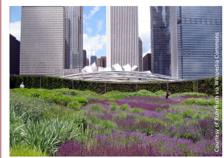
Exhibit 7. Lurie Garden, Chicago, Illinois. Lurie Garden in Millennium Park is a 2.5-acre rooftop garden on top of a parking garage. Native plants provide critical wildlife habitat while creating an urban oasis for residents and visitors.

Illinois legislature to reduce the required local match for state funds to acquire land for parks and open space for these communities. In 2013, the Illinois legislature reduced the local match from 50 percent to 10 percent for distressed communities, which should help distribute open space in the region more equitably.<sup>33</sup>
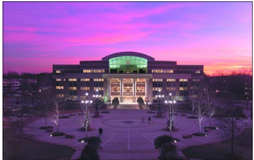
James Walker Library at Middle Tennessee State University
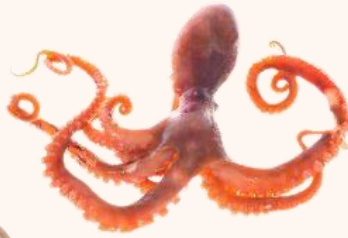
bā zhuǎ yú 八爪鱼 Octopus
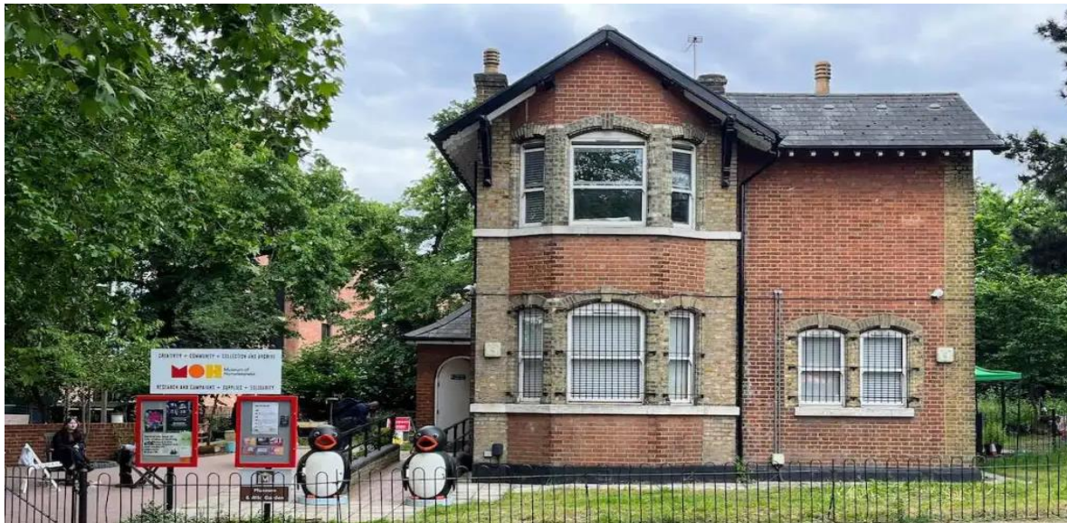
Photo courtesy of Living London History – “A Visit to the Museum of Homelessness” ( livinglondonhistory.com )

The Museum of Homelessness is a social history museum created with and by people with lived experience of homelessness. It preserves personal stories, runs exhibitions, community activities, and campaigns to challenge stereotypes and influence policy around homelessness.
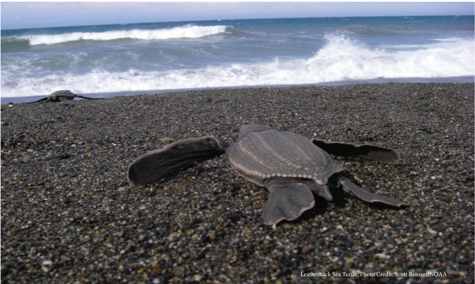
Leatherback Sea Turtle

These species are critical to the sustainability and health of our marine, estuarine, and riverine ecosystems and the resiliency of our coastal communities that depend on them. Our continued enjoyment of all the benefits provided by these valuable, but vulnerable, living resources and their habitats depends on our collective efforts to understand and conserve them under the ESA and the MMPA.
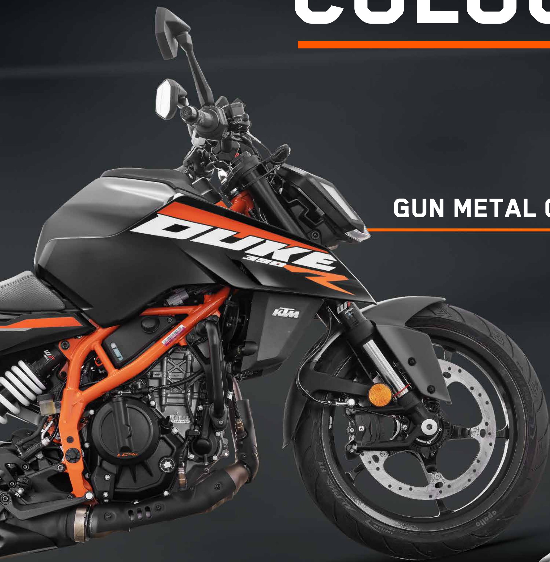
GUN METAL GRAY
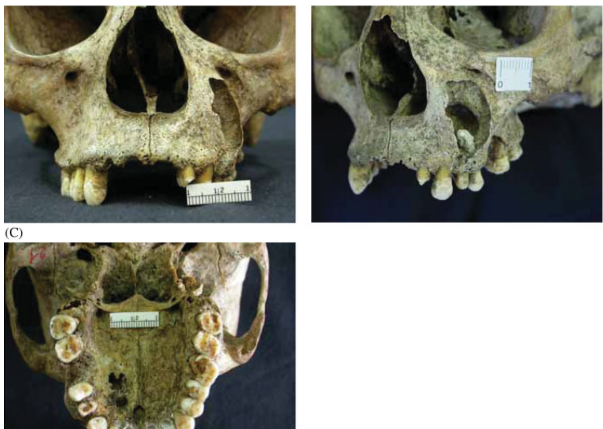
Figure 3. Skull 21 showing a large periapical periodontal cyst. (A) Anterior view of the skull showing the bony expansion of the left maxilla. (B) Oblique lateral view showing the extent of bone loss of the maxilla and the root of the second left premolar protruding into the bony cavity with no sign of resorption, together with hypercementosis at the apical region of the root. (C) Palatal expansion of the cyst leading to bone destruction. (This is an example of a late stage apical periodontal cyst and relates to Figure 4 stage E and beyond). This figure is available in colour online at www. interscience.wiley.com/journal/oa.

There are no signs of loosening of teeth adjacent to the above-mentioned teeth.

==

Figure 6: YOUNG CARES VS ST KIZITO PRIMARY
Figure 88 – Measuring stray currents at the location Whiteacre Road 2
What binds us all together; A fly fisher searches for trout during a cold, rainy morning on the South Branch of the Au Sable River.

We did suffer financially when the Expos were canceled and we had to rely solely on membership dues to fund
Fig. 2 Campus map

==

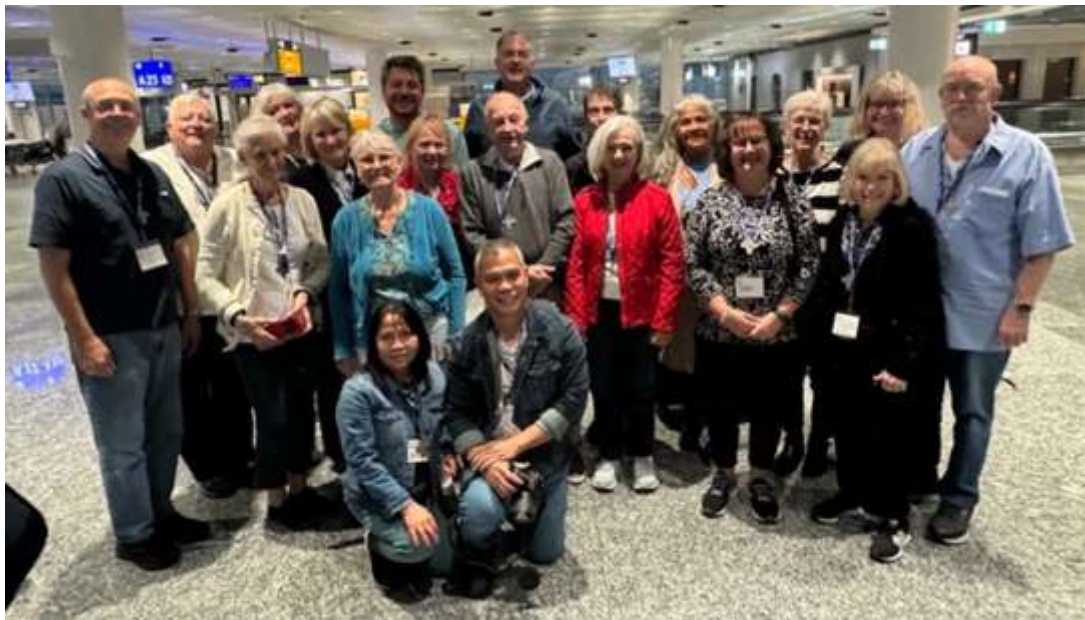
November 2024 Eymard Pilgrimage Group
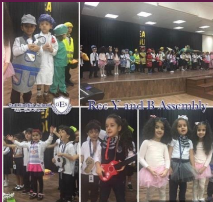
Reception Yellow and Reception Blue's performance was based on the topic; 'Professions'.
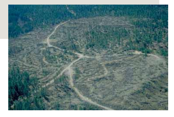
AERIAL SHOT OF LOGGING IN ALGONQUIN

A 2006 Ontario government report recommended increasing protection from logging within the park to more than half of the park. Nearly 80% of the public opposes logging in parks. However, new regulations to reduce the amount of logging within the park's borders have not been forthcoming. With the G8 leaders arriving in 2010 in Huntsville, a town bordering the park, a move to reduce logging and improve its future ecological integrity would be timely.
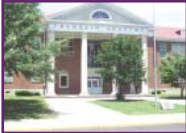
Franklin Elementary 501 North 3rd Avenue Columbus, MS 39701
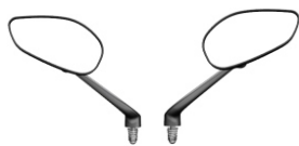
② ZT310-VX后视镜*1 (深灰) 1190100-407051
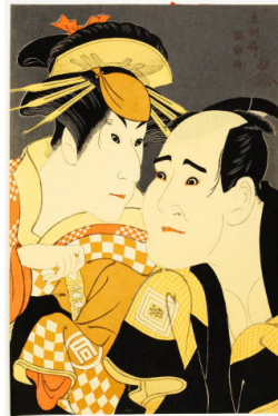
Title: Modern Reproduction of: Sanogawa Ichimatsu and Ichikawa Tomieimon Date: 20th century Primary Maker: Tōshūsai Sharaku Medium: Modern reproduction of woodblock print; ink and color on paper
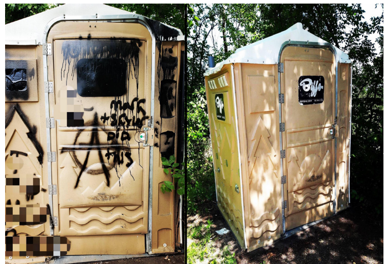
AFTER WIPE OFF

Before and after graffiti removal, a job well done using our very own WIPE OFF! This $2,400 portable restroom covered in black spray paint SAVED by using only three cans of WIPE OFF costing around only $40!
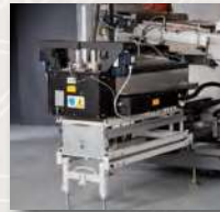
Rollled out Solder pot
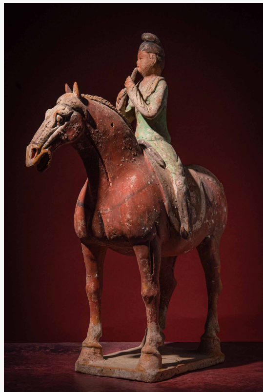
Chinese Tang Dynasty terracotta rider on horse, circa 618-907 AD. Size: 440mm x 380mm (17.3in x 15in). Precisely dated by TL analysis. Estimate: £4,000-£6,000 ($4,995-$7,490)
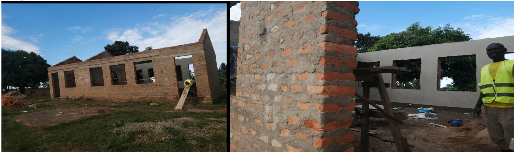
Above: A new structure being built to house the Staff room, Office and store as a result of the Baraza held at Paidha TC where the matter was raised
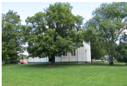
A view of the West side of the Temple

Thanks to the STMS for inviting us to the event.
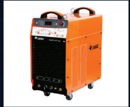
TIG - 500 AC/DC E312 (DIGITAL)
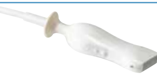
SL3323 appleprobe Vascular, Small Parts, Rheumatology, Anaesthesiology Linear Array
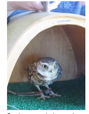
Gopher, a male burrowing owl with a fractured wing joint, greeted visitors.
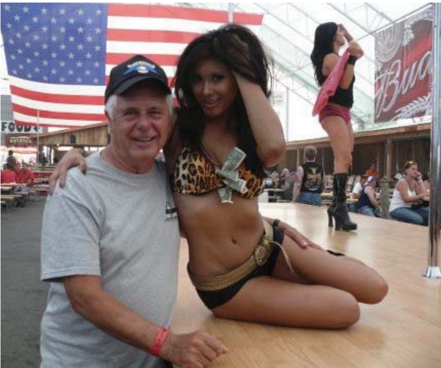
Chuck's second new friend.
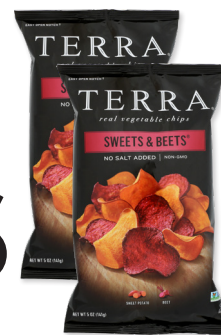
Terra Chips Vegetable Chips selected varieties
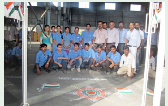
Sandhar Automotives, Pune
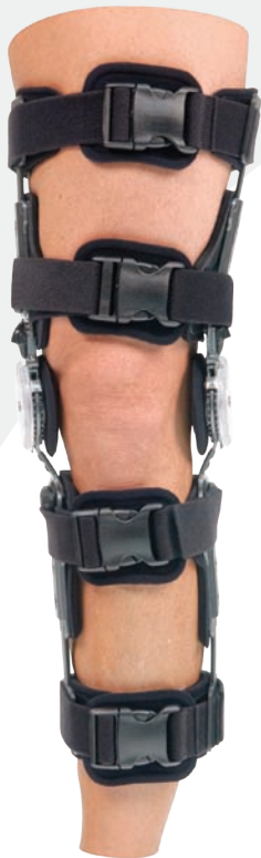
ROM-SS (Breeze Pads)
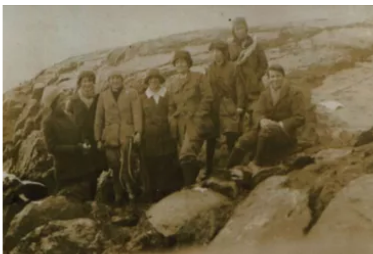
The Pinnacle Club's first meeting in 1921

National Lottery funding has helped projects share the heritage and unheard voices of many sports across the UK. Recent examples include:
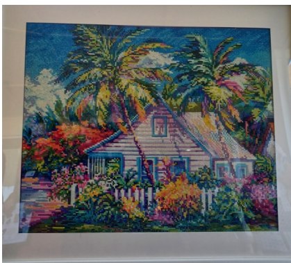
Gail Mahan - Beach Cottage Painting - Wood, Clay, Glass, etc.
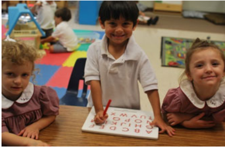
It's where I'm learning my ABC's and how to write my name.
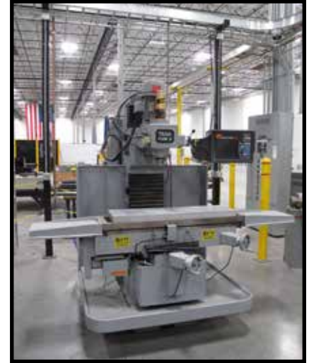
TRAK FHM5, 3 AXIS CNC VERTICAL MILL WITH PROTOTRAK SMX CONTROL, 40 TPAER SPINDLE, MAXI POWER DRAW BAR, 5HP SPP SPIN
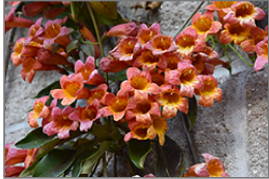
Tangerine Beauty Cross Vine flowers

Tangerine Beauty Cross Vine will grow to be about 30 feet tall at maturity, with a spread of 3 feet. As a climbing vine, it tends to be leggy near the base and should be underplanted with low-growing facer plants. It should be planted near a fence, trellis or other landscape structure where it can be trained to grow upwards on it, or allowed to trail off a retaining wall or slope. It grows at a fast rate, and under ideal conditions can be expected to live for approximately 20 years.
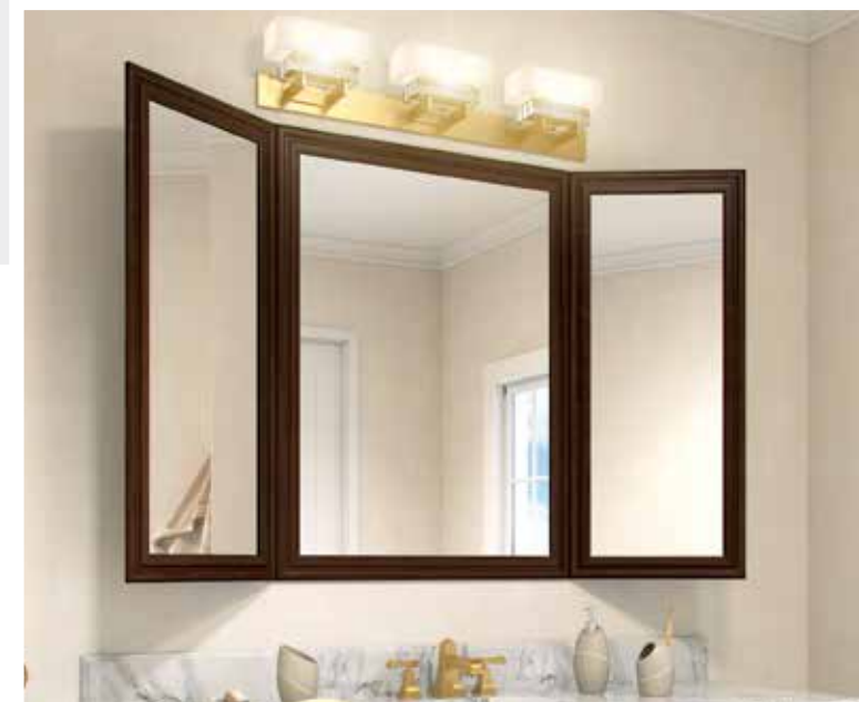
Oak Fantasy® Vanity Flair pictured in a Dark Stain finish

• _THE PROBLEM_
Scan the data above and copy each line containing the word "Museum".

• _EXERCISE OUTPUT_
Photo courtesy of Living London History – “A Visit to the Museum of Homelessness” ( livinglondonhistory.com )
The Museum of Homelessness is a social history museum created with and by people with lived experience of homelessness. It preserves personal stories, runs exhibitions, community activities, and campaigns to challenge stereotypes and influence policy around homelessness.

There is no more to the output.